Home | Cases | Regent v Millett

 

Key information

Court
High Court of Australia

Issues
Formalities
Doctrine of Part Performance

Full case
AustLII

AustraliaRegent v Millett

(1976) 133 CLR 679

 

Facts

The Regents' bought a house. Shortly afterwards - by an oral agreement - they sold it to their daughter and son-in-law, the Milletts. Consideration involved making mortgage payments and paying a lump sum of $1,000.

The Milletts' went into possession and began paying the mortgage. They also made repairs to the house with the knowledge and acquiescence of the Regent’s.

The Regents' refused to transfer the house. The Milletts claimed specific performance and the Regents' sought to rely on failure to comply with formalities. Milletts' succeeded at first instance

Milletts' argued that there was part performance constituted by

  • taking of possession
  • repairs and renovations
  • making mortgage payments

Regents' argued that there was no part performance because:

  • the acts were not unequivocally referable to some such contract as alleged by Milletts (they also claimed that a narrower test should apply – that is, that ‘performance must necessarily imply the existence of the contract’, but this was rejected)
  • the acts must be done in part performance of the of the agreement alleged – they must have been done under terms of the particular agreement alleged and ‘by force of that agreement’

Held (Gibbs J (with whom the rest of the court agreed))

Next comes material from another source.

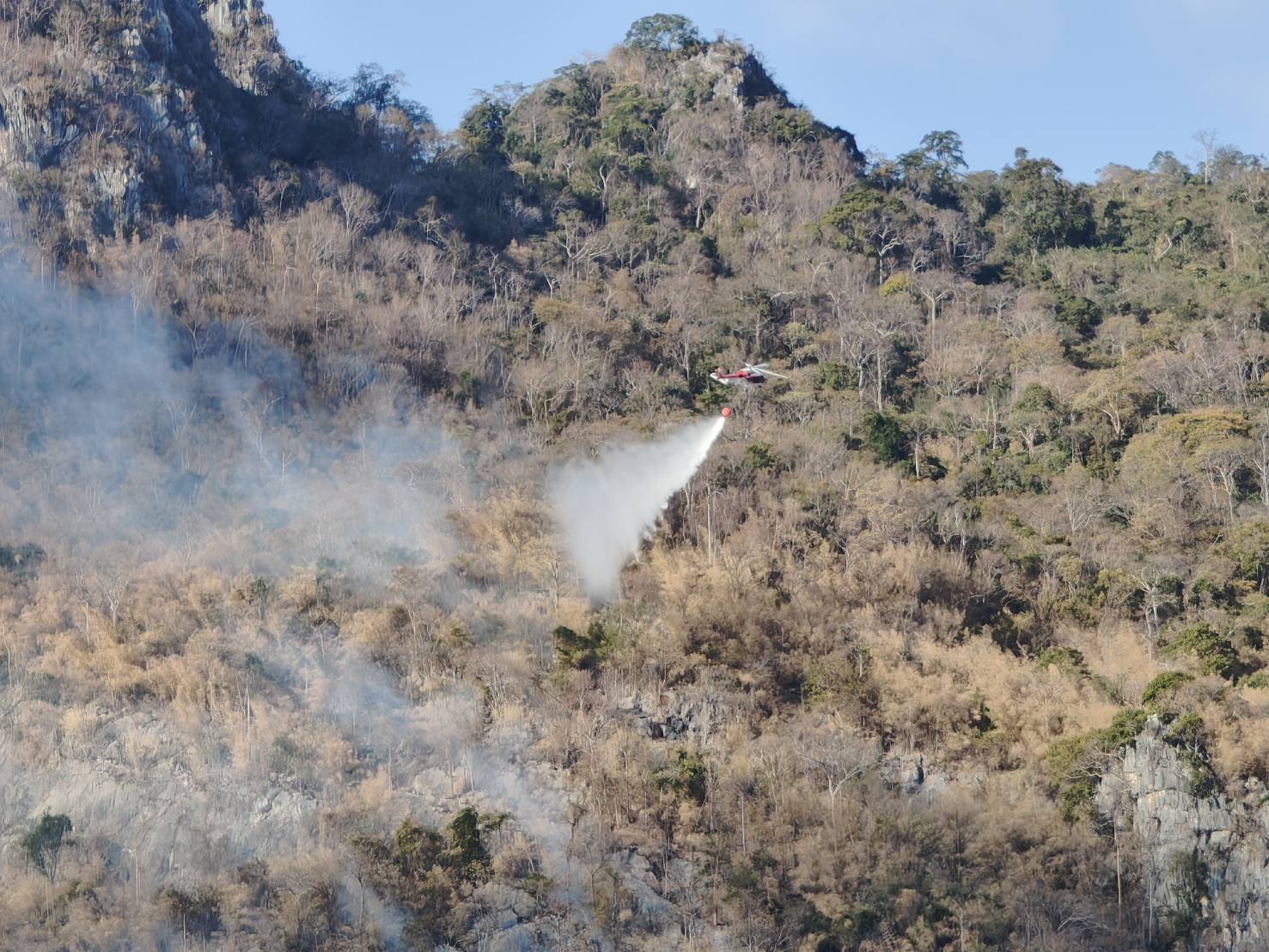 - ทั้งนี้ได้รับการสนับสนุนอากาศยาน (เฮลิคอปเตอร์) จากกระทรวงทรัพยากรฯ โดยจะทำการโปรยน้ำเพื่อลดความร้อน บริเวณหน้าผาที่เข้าไม่ถึง

The basis for the doctrine of part performance is as follows (quoting Lord Cranworth in Caton v Caton):

‘… when one of two contracting parties has been induced, or allowed by the other to alter his position on the faith of the contract, as for instance by taking possession of land, and expending money in building or other like acts, there it would be a fraud in the other party to set up the legal invalidity of the contract on the faith of which he induced, or allowed, the person contracting with him to act, and expend his money.'

His Honour noted there are many cases in which taking possession, coupled with expending money on the property with the permission of the other party have been held to constitute acts of part performance. In this case, entry into possession alone was a sufficient act of part performance.

While it is possible that in some cases taking possession may be referable to other authority than the contract alleged (as was the case in McBride) in this case the taking of possession did indicate the contract and was unequivocally referable to the type of contract alleged.

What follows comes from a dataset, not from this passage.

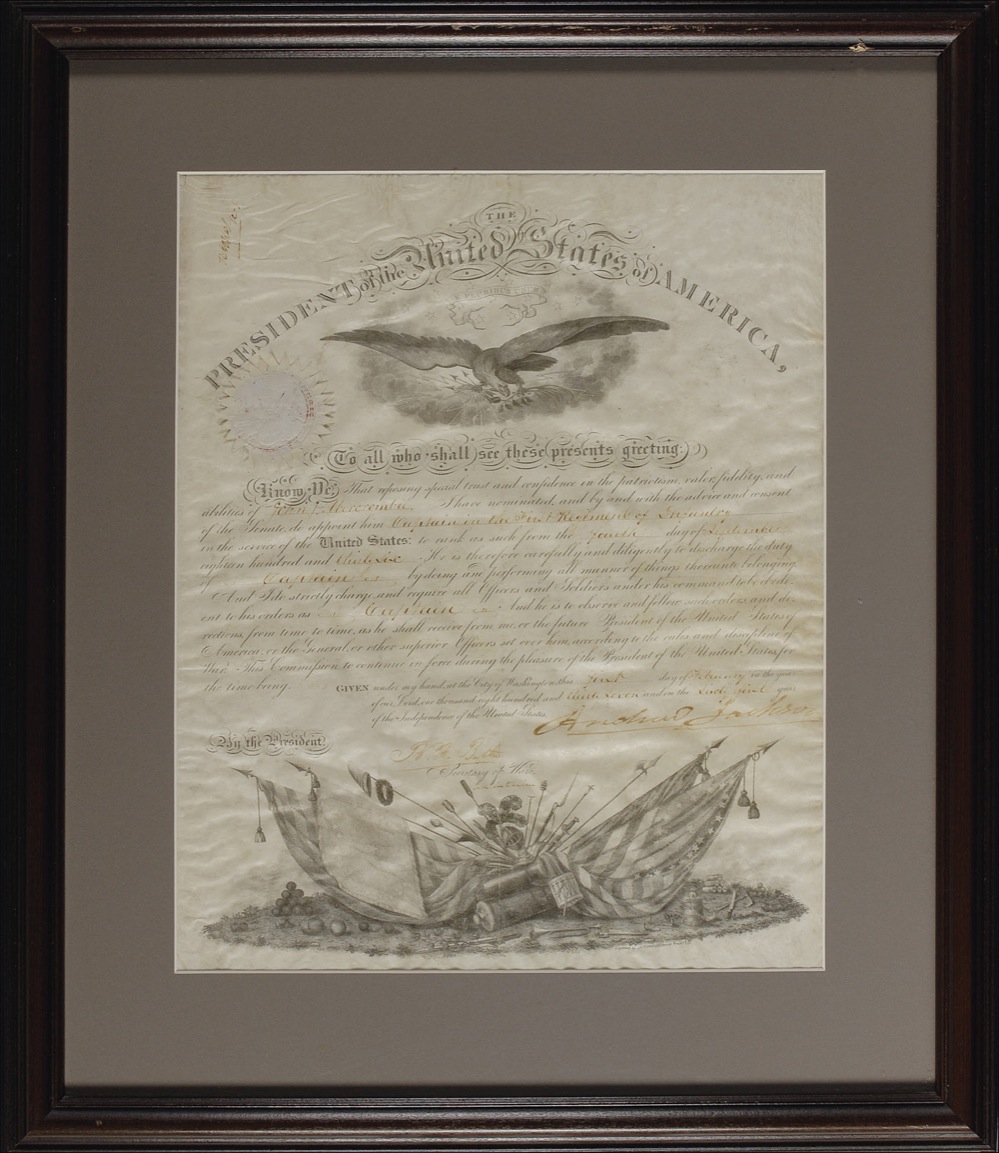 Partly-printed DS as president, one page, 13 x 16, February 1, 1837. President Jackson appoints John Abercrombie a “Captain in the First Regiment of Infantry.” Signed at the conclusion by Jackson and countersigned by Benjamin Franklin Butler, in place of the Secretary of War. Matted and framed to an overall size of 20 x 23.25. In good to very good condition, with overall rippling and wrinkling, scattered toning, and previous storage folds. Jackson’s signature measures an impressive 5.5 inches long. Pre-certified John Reznikoff/PSA/DNA and RRAuction COA.

Taking of possession was not required by contract by the contract. However, this was not needed for the doctrine to apply – if it was, the utility of the doctrine would be ‘reduced to vanishing point’.

‘… if a vendor permits a purchaser to take possession to which a contract of sale entitles him, the giving and taking of that possession will amount to part performance notwithstanding that under the contract the purchaser was entitled rather than bound to take possession.’